→ **RECORDS FOR THE EXERCISE**
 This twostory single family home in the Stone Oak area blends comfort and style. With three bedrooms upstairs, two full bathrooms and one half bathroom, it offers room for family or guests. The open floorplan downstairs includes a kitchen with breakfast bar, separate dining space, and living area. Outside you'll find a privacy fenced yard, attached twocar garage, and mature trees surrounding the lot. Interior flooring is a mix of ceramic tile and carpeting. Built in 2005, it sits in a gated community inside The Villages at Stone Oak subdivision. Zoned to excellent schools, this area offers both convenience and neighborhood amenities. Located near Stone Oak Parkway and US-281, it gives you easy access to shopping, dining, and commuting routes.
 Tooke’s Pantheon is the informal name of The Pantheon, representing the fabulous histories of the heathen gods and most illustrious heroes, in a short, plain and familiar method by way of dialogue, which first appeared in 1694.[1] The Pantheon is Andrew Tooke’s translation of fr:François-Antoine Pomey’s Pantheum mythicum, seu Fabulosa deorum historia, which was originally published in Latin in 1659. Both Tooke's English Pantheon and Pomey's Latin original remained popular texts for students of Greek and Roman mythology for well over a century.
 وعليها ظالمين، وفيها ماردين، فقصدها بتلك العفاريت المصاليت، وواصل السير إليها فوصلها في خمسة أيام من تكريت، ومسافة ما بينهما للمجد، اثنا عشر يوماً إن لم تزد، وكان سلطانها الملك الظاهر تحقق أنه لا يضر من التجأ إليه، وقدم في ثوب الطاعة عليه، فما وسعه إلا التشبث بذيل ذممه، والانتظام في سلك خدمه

==

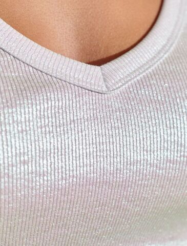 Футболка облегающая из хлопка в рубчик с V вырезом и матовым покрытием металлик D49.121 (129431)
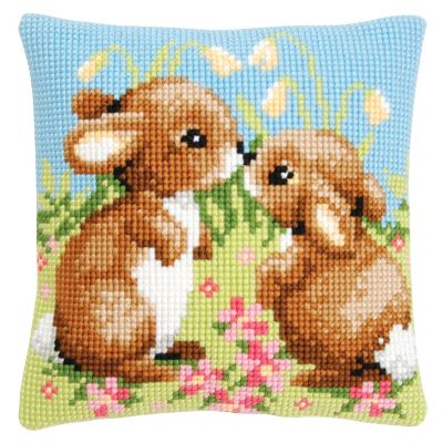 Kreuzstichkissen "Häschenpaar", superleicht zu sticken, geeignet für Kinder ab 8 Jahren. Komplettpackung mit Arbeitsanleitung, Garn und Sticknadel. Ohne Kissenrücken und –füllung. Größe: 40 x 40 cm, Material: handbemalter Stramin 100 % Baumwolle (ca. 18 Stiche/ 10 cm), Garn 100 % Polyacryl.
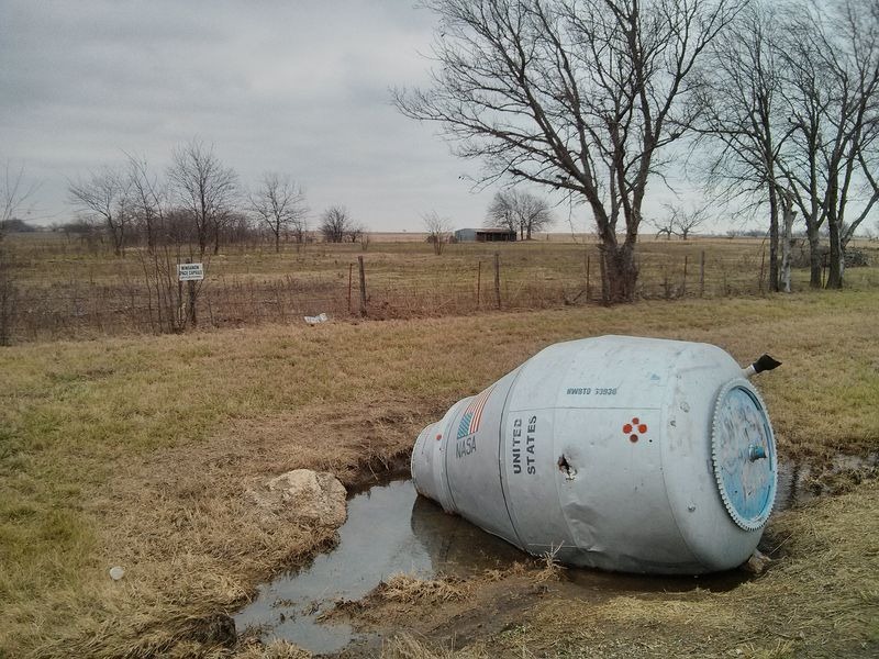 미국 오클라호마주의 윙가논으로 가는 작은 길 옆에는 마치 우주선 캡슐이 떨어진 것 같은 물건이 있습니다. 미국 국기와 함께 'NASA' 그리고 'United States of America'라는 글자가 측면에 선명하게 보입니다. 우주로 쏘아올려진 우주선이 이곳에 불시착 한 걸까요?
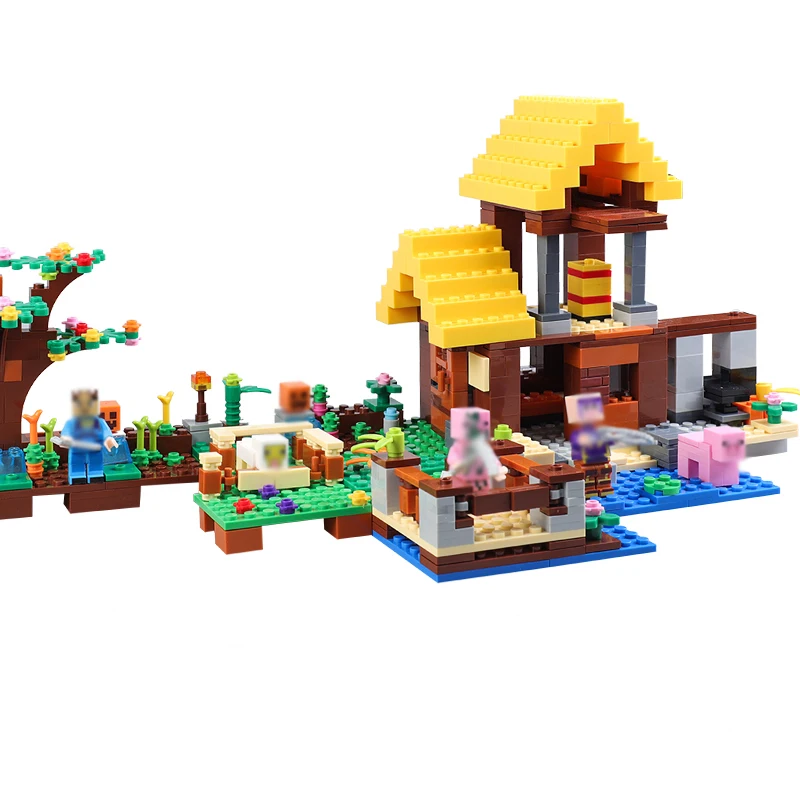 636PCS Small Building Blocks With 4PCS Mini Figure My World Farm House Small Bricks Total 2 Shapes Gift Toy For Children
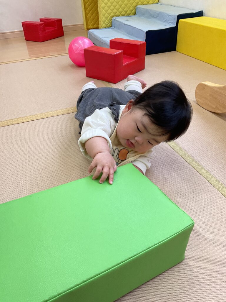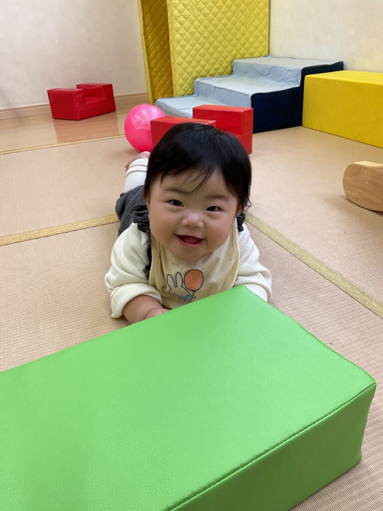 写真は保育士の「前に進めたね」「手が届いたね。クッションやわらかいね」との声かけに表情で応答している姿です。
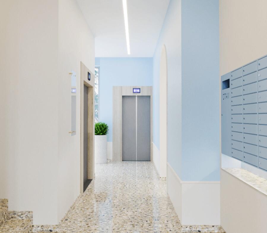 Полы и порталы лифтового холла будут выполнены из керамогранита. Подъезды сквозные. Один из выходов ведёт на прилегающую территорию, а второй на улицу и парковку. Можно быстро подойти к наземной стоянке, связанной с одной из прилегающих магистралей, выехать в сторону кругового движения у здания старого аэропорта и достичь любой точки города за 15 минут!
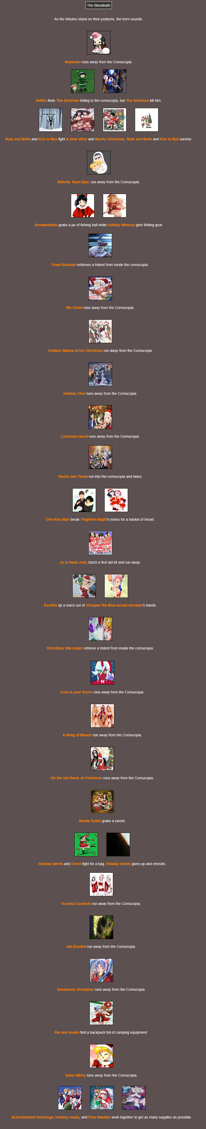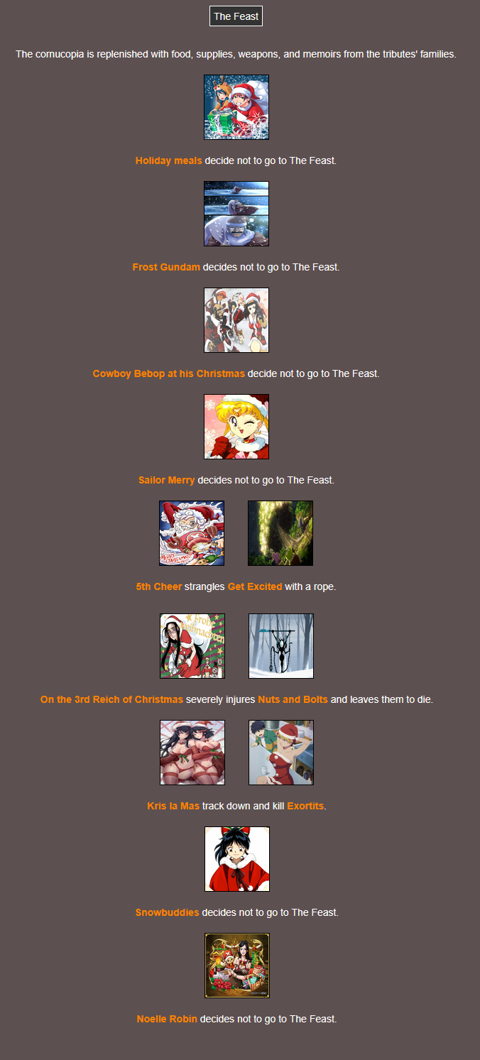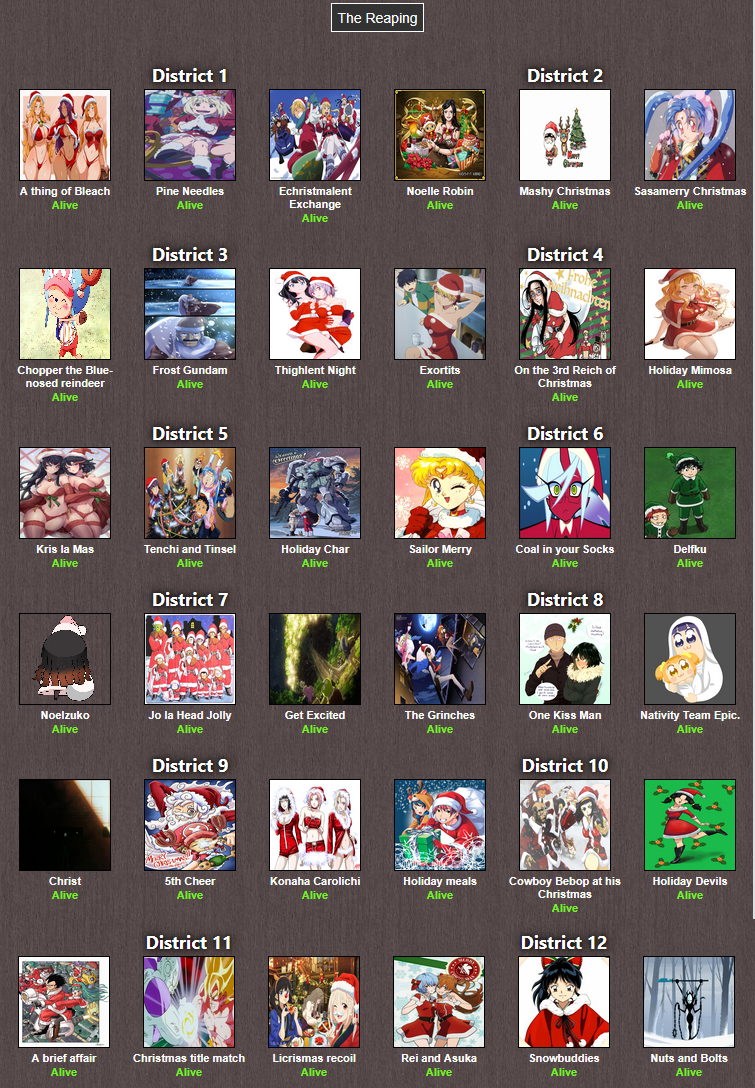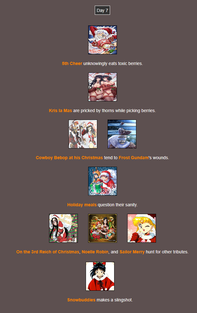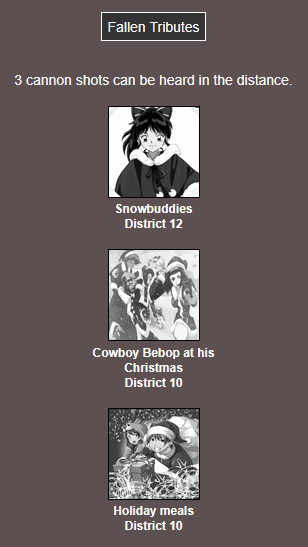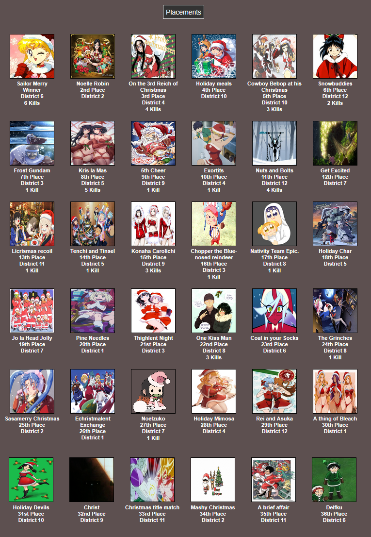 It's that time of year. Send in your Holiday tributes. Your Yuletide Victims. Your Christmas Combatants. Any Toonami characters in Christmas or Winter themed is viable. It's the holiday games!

→ **TASK DETAILS**
Everything above from the line that has "写真は保育士の「前に進めたね" down to the line that has "It's that time" should be output exactly, with both of those lines included. Leave the pictures behind.

→ **ANSWER BELOW**
 写真は保育士の「前に進めたね」「手が届いたね。クッションやわらかいね」との声かけに表情で応答している姿です。
 Полы и порталы лифтового холла будут выполнены из керамогранита. Подъезды сквозные. Один из выходов ведёт на прилегающую территорию, а второй на улицу и парковку. Можно быстро подойти к наземной стоянке, связанной с одной из прилегающих магистралей, выехать в сторону кругового движения у здания старого аэропорта и достичь любой точки города за 15 минут!
 It's that time of year. Send in your Holiday tributes. Your Yuletide Victims. Your Christmas Combatants. Any Toonami characters in Christmas or Winter themed is viable. It's the holiday games!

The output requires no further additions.